Les Femen ont-elles une âme ?

Quel talent, ces Femen ! Parvenir à incarner avec une telle intensité la vulgarité, l’inculture et l’imbécilité réunies force le respect. Bon, il est peu probable qu’elles aient eu à pratiquer la méthode de Stanislavski pour réussir cette performance : leur numéro d’hystérie extatique ne tient pas du rôle de composition. Mais elles veulent faire parler d’elles et l’on ne peut nier qu’elles y parviennent et, ce, sans jamais tomber dans la finesse.

Récemment, elles avaient organisé un show à Milan. Voulant mettre un coup de pression à Berlusconi qui présentait sa candidature aux dernières élections législatives, elles étaient arrivées désapées, peinturlurées et belliqueuses comme à leur habitude. Elles scandaient « Basta Sylvio », imaginant naïvement bouter l’animateur des soirées « bunga bunga » par la seule force de trois paires de nénés.

Et c’est avec leur immuable modus operandi qu’elles s’étaient rendues à Rome, sur la place Saint-Pierre, afin de houspiller le Pape dès qu’il apparaîtrait à son balcon. L’annonce qu’il fit, par la suite, de son départ dut convaincre définitivement nos pétroleuses de l’efficacité redoutable de leurs strip-teases militants. Ces mouches du coche de la condition féminine sont tellement persuadées d’œuvrer pour le progrès, la justice et l’humour, qu’elles osent tout, comme disait Audiard. « Nous irons jusqu’au bout. » déclare leur cheftaine blonde, comme un défi lancé aux tenants du patriarcat totalitaire et obscurantiste dans lequel nous vivons.

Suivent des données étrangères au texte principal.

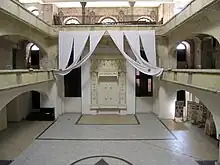 The main prayer hall is surrounded on three sides with women's galleries. Two levels of galleries to the north and two on the south flank a single gallery on the eastern Torah ark wall. The wooden frame of the Torah ark and the damaged tablets of the Ten Commandments are all that remain of the original religious features.[2]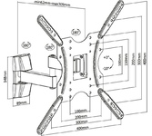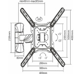 Наклонно-поворотный кронштейн. Для использования с телевизорами 13"-55" весом до 25кг. Расстояние телевизора от стены 67~367мм. VESA75x75,100x100,100x200,200x100,200x200,300x200,400x200,300x300,400x300,400x400. Возможен наклон до 15 градусов и подъем до 5 градусов. Поворот влево и вправо на 90 градусов.

Au bout de quoi ? Si c’est au bout de la bêtise, le terminus s’approche.

Bien sûr, leurs manifestations mammaires amusent, outre quelques punks à chiens, l’inévitable Caroline Fourest qui s’est chargée de rédiger leur Légende Dorée. L’essayiste a réalisé un film de propagande diffusé en prime time à la gloire de celles qui montrent leurs seins – et plus, si affinités – à tous les passants. Un documentaire garanti sans aucun recul, comme elle en a le secret, canonisant cette poignée d’agitées qui ridiculisent celles qu’elles prétendent représenter.

L’avocat du diable rappellera leur éthique à géométrie variable : elles ont une fâcheuse tendance à se considérer plénipotentiaires face à ceux qui ne pensent pas comme elles – si l’on veut bien considérer qu’elles pensent. Elles parlent beaucoup de « liberté » et de « démocratie » mais en y donnant un sens très nord-coréen. Rejoignant ici les intégristes de toutes obédiences, elles estiment que l’erreur n’a pas de droits. Une philosophie un brin totalitaire qu’elles assument sans fausse pudeur. « En tant que féministes, nous considérons que nous devons avoir un avis sur tout, pas seulement sur les sujets qui ne concernent que les femmes. Sur la mondialisation, sur le réchauffement climatique, sur tout. », affirme Inna qui ne doute de rien. On peut craindre qu’elle n’ait les yeux plus gros que le cerveau.

Spécialistes de l’oxymore, les Femen n’hésitent pas à qualifier leurs interventions d’ « agressives » en même temps que « pacifistes ». Les nombreuses vidéos qui montrent leurs exploits confirment le premier épithète. Moins le second. Quand elles ne trimballent pas des extincteurs qu’elles vident sur la foule, elles optent pour la distribution de gifles et coups de pieds pacifistes. Malheureusement pour elles, certains de leurs opposants, plutôt que de tendre l’autre joue, optent pour un contre-don de middle-kicks peu évangéliques. Estimant tout à coup que le jeu n’est plus rigolo, elles s’en vont, chouinantes, rapporter à qui veut les entendre qu’elles sont victimes de vilains méchants qui leur font des misères. Omnes enim qui acceperint gladium, gladio peribunt

Ces créatures feraient passer la femme de Cro-Magnon pour une précieuse. Leur prédilection pour la coprolalie, le blasphème, l’exhibitionnisme, le pugilat et le sabotage suscitent évidemment l’enthousiasme des quelques idéologues fossilisés abonnés à Charlie Hebdo. Si la plupart de ces agissements relèvent de la petite délinquance, ce sont également des symptômes. À vue de nez, je leur conseillerais l’exorcisme.

Sinon, je voulais ajouter un truc, mais j’ai oublié quoi.